Most of the current statistical software packages are geared to processing data on a case by case basis. The NCVS longitudinal file is structured in a nested hierarchical manner. When trying to examine events over a selected time period, it becomes difficult to rearrange the data in a way that will facilitate understanding the time or longitudinal aspects of the data. For example, the concept of what constitutes a "case record" depends on the perspective of the current question. Is a case all households that remain in sample over all seven interviews,
or is it those households that are replaced at every interview period? Moving the appropriate incident data from the lower levels of the nested file to the upper level of the household can complicate obtaining a "true" count of the number of households experiencing a victimization event, since many statistical software packages duplicate information at the upper level of the file structure down to the lower level.
5 Future Issues
Local law enforcement agencies will be participating on a voluntary basis. NIBRS data collection and aggregation at the agency-level will be far more labor and resource-intensive than the current UCR system. What are the implications for coverage and data accuracy?
Criminal justice data have a short shelf life, because detection of current trends is important for planning and interdiction effectiveness. Can new methods be found to process massive data files and produce information in a time frame that is useful to the criminal justice community? Numerous offenses such as sports tampering are not of great national interest. A subset of the full NIBRS file based on scientific sampling procedures could facilitate many types of analyses.

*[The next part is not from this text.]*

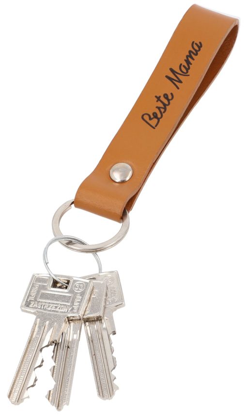 The elegant keychain “Shelton” is available in many different colors – your favorite color is guaranteed to be among them. You can attach as many keys and carabiners as you like to the key ring. The engraving gives the keychain a personal touch, so your friend not only gets a practical but also a unique gift. An ideal accessory for any handbag or backpack interior!

How easy is it to integrate change into such a data system, as evaluations of NIBRS identify new information needs that it will be required to address? Does the sheer volume of data and reporting agencies make this need any more difficult than for smaller on-going data collections? As data storage technology continues to evolve, it is important to weigh both cost and future compatibility needs, particularly in regards to distributing the data to law enforcement agencies and the public. BJS will continue to monitor these technological changes so that we will be able to utilize such advances in order to enhance our analytic capabilities with these large scale datasets.